Commenting on the yuan, the PBOC said the flexibility of the exchange rate has improved and supply and demand for the currency is more balanced. As a result, it’s necessary to “neutralize” the counter-cyclical measures that are aimed at smoothing out volatility.

The quarterly report follows losses in Chinese bonds in recent days amid signs of quickening inflation and concern that Beijing will intensify the deleveraging campaign.

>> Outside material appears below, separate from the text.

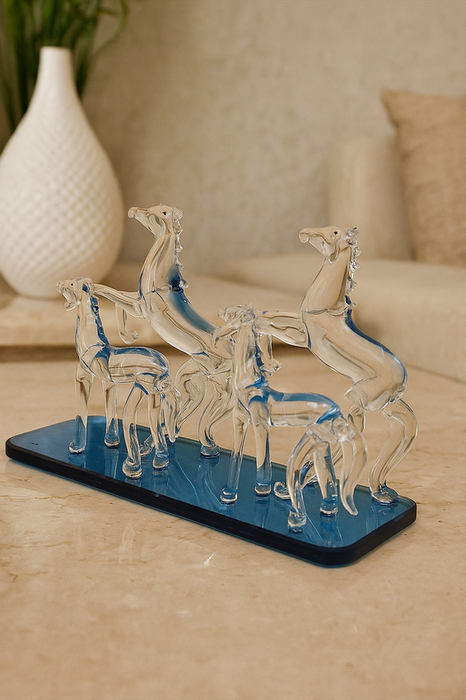 Crystal Glass Horse Family Figurine Set | Elegant Home Décor Accent by Sthulas
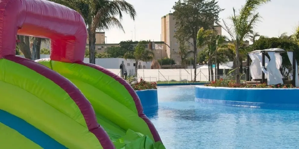 Castillos acuáticos para los más pequeños, espacios de juego y ambiente tropical

PBOC Governor Zhou Xiaochuan has made a series of blunt warnings in recent weeks about debt levels in the economy.

“While reining in the total leverage ratio, we shall prioritize reducing the leverage of state-owned enterprises, focus on tackling ‘zombie firms’ and promote the debt-to-equity swap in a market-oriented and law-based manner,” the PBOC said in the report out Friday.

Cash Injections

Officials also stressed the importance of macro-prudential measures.

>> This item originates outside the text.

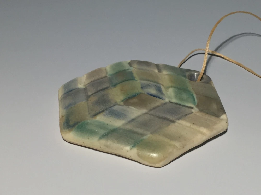 Handmade pottery piece fired to cone 6 with food safe glazes in painterly fashion. This piece was made by me, Curtis Fontaine, an apprentice of Toshiko Takaezu for two years. Most of my work is inspired by time with Toshiko and her spirit towards being an artist. At www.CurtisFontaine.com one can see more of my work. This piece is part of a series of my first cone 6 venture. With lots of experience making these glazes I am finally able to create and combine for new finishes. Unsigned. But can come with signed hand-painted card on request. This cube ornament is 2.75 in. around.
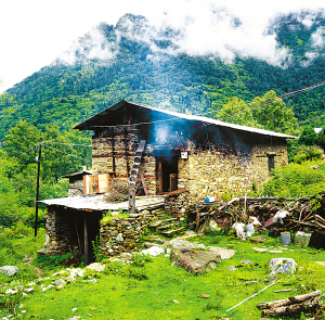 房屋大都是3層,上層存放干草和秸桿,下層關養(yǎng)牲畜,中間一層是居室。居室用木板隔間,里間較小是已婚子女住的,外間寬敞,是多功能堂屋。臨窗處設火塘,以利排煙,是家庭生活中心和待客之處?;鹛辽霞苤T大的鐵三角架,上面是六七厘米寬的鐵板圈,擦得錚亮,能烤制食物。墻角處供奉佛像,擺放領袖像。房門安設木鎖,用十幾厘米的木鑰匙開啟,都是由硬木刻制,光滑耐用。

“A monetary policy framework is flawed if the CPI is the only anchor,” the report said. “Even when the CPI is relatively stable, asset prices and financial markets can fluctuate wildly.”

In late October, the PBOC injected 63-day funding into the financial system for the first time, reassuring lenders about year-end funding availability while also intensifying the deleveraging effort by increasing borrowing costs.

The maneuver aims to smooth the seasonal volatility of fiscal factors, including the large debt issuance by the central and local governments, the central bank said. The PBOC will continue to use reverse repos with various maturities to maintain liquidity in the banking system “basically stable.”

©2017 Bloomberg L.P.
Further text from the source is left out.